As is his tradition in addressing Hajim School graduating classes, he urged students to find the "four P's" that can help define a successful career: Passions, principles, partners, and plans.

This was Heinzelman’s first commencement since becoming Hajim School dean last year.

”Your education and experiences at the University of Rochester have taught you how to think and act like an engineer, and this will serve you well no matter what career path you make decide to take,” she told the Class of 2017.

However, she added, “the word commencement is all about beginnings, and your degree — while being a marker of accomplishment — is really a compact for your future promise. With your engineering degree in hand, what will you go out into the world and do?”

The world needs engineers to tackle challenges ranging from health care and energy supply, to biotechnology and communications, she said. But “we also need people who care, care about the impact of our decisions on our environment, on our place as global citizens, and on our future.”

She cited several examples of Hajim students, including many graduating on Sunday, who have already put "compassion into action" by applying their engineering skills to humanitarian projects this school year. The examples included implementation of a fresh water supply for a school in the Dominican Republic and 3D-printed prosthetic upper limbs for Syrian refugees.
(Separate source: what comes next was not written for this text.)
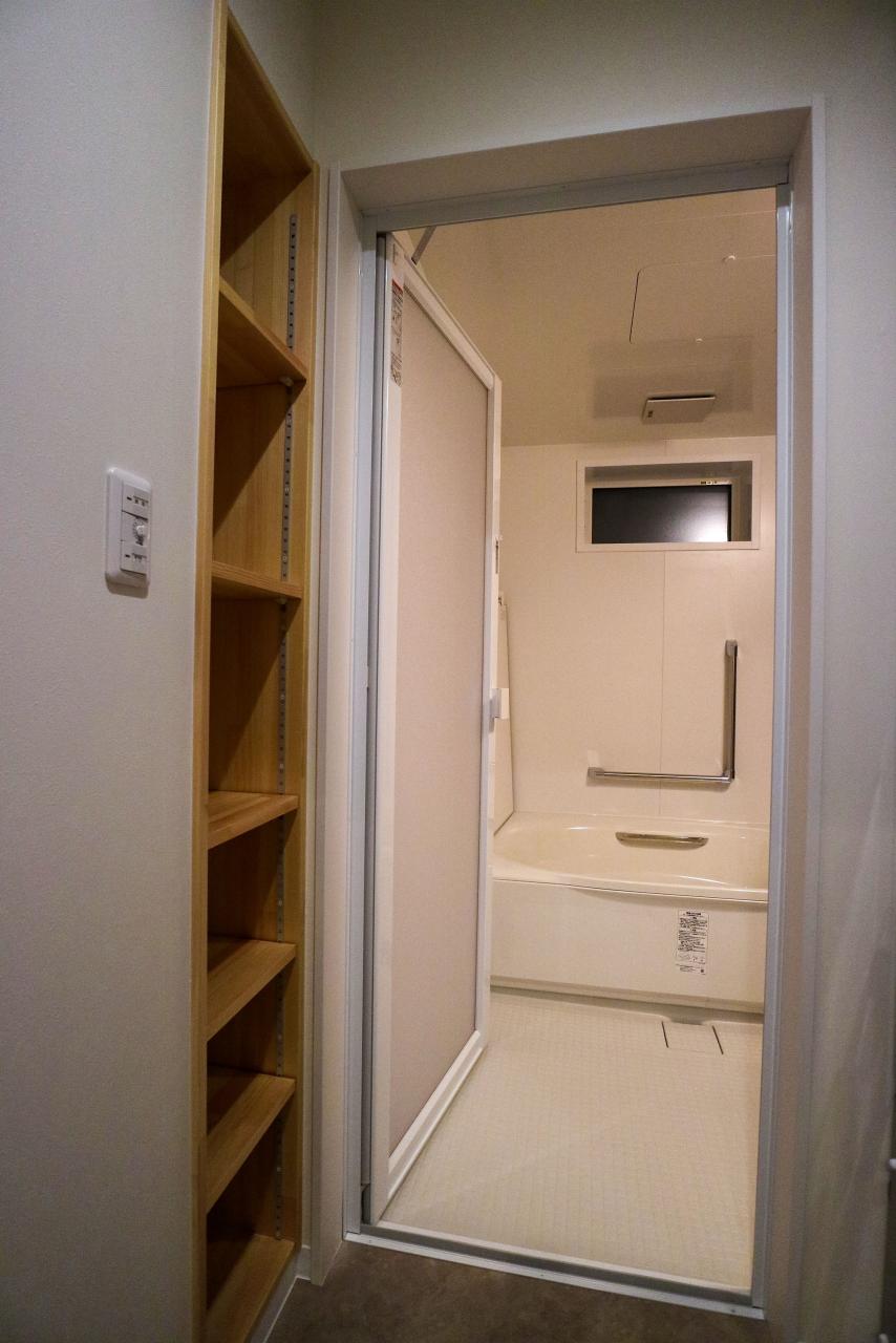お風呂の入り口付近にタオルなど収納できるニッチ

“Thank you for letting us work with you, teach you, and grow with you. Please stay in touch and let us know of all your future successes, as we are sure there will be many!” Heinzelman concluded. (Click here to read her comments in full.)

The Class of 2017 is not only one of the largest in the school’s recent history, but is also one of the most diverse, including 33 percent women, 11 percent underrepresented minority students, and 20 percent international students.